The FDA has just approved a device developed by Synapse Biomedical (Oberlin, Ohio) to help paralyzed patients breathe without a traditional ventilator the same one implanted in Christopher Reeve in 2003 which allowed him to be ventilator-free for 20 hours a day.
"If you think about where cardiac pacing was in the early 1950s and 1960s, that is where we are with pulmonary rhythm management now," Anthony Ignagni, Synapse president/CEO, told Medical Device Daily.
The NeuRx DPS for ventilator-dependent spinal cord injury (SCI) patients who lack voluntary control of their diaphragms is implanted through minimally invasive laparoscopic surgery. It provides electrical stimulation to muscles and nerves that run through the diaphragm.
When stimulated by the NeuRx DPS, the diaphragm contracts, mimicking natural breathing, and allows air to fill the upper and lower parts of the lungs rather than forcing air in with a mechanical ventilator.
"Our first patient was implanted in March 2000 and has been using it ever since 24 hours a day, seven days a week," Ignagni said. "Over half of our patients can use it full time. We set a minimum bar to say it's successful at four hours of continuous use. We've implanted patients who are 27 years post-injury."
Ignagni said 140 patients have been implanted to date via clinical trials.
The FDA approval is based on studies of 50 patients implanted with the device in clinical trials at hospitals in the U.S. and Canada. All of the implanting surgeons were trained under the direction of Raymond Onders, MD, director of minimally invasive surgery at University Hospitals (Cleveland) and a founder, board member and shareholder of Synapse.
In the clinical trial, NeuRx DPS allowed 98% of SCI patients who had been dependent on mechanical ventilation via a tracheostomy with an alternative that allowed them to breathe normally and live more active lives. To date, more than half are able to completely eliminate their need for mechanical ventilation.
The NeuRx DPS is controlled via a four-channel, battery-powered external pulse generator, which negates the need for a source of electricity and the concern for power outages.
Elimination and reduction of the use of a mechanical ventilator also greatly reduces the patient's risk of complications such as ventilator acquired pneumonia, which occurs in 50% of SCI patients.

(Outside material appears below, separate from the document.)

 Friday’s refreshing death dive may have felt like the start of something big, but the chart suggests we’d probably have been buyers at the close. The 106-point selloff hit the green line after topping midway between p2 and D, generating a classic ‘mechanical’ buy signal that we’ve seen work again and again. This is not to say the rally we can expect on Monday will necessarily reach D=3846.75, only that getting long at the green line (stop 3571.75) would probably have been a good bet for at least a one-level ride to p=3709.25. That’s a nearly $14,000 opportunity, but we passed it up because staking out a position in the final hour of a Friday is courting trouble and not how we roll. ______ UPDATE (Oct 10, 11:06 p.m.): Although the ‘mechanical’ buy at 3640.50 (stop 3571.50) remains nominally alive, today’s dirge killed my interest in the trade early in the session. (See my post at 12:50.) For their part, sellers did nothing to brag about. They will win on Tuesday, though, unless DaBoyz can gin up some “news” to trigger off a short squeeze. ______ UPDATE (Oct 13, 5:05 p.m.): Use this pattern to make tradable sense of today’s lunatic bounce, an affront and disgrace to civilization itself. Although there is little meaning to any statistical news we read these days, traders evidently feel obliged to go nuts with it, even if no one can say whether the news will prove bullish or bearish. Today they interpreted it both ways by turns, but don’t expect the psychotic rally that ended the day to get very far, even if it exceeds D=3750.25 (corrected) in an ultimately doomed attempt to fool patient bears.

The best patient candidates are those with high-level spinal cord injury with stimulatable diaphragms, but who lack control of their diaphragm, resulting in the need for mechanical ventilation. The majority of these eligible patients have been hurt through motor vehicle accidents and sports injuries.

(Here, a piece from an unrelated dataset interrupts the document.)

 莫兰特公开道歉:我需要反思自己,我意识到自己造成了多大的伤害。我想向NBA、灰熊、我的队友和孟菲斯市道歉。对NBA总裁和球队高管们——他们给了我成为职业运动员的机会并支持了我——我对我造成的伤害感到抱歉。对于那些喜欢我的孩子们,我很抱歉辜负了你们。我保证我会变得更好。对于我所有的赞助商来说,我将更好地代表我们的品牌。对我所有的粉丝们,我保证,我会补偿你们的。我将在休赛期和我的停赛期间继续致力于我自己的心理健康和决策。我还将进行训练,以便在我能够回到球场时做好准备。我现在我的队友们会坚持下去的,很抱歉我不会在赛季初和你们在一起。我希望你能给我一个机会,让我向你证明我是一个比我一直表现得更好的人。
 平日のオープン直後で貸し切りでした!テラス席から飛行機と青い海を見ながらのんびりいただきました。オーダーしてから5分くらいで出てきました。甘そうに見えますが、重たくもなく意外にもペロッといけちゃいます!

During outpatient surgery, four dime-size holes are created in the abdominal region. The surgeon then inserts a laparoscope so that the diaphragm muscle can be seen. Small electrodes are placed within the diaphragm and attached through wires under the skin to a small external battery-powered pulse generator that stimulates contraction of the diaphragm muscle, allowing the patient to breathe.
Patients need a short rehabilitation period so that their weakened diaphragms can be strengthened, gradually allowing increasing amounts of time off the ventilator. Over time, many are able to free themselves completely from the ventilator.
The NeuRx DPS was developed over the course of 20 years through a joint effort of physicians and engineers at several institutions, including University Hospitals Case Medical Center, Case Western Reserve University and the Veterans Affairs Medical Center.
"Fortunately, spinal cord injury comprises a small market: 500 new injuries per year in the U.S.," Ignagni said. "What we intended was to use this as an initial application. Now we've moved into Lou Gehrig's disease, which has five times as many patients. We're also looking at other applications in intensive care."
With a price tag of $31,000 (not including surgical implantation costs), the NeuRx DPS is a cost-efficient therapy for patients who need help breathing compared to home mechanical ventilation, which runs up to $180,000 per year, Ignagni said.
The company was able to recoup costs during its testing period with a Category B1 classification and Medicare provided blanket coverage, "so we expect to see good results as we're seeking Medicare reimbursement."
Synapse is manufacturing the NeuRx DPS in-house with no partners, yet.
"As we're moving through these smaller markets, SCI and amyotrophic lateral sclerosis, we haven't see a lot of interest from the larger players," Ignagni said. "But as we move into intensive care and other, larger markets, the interest will come."
Synapse is currently in the midst of a private fund-raising effort which started in May.
The NeuRx DPS received the CE mark in November 2007 and is approved for treating patients with diaphragm dysfunction in the European Union.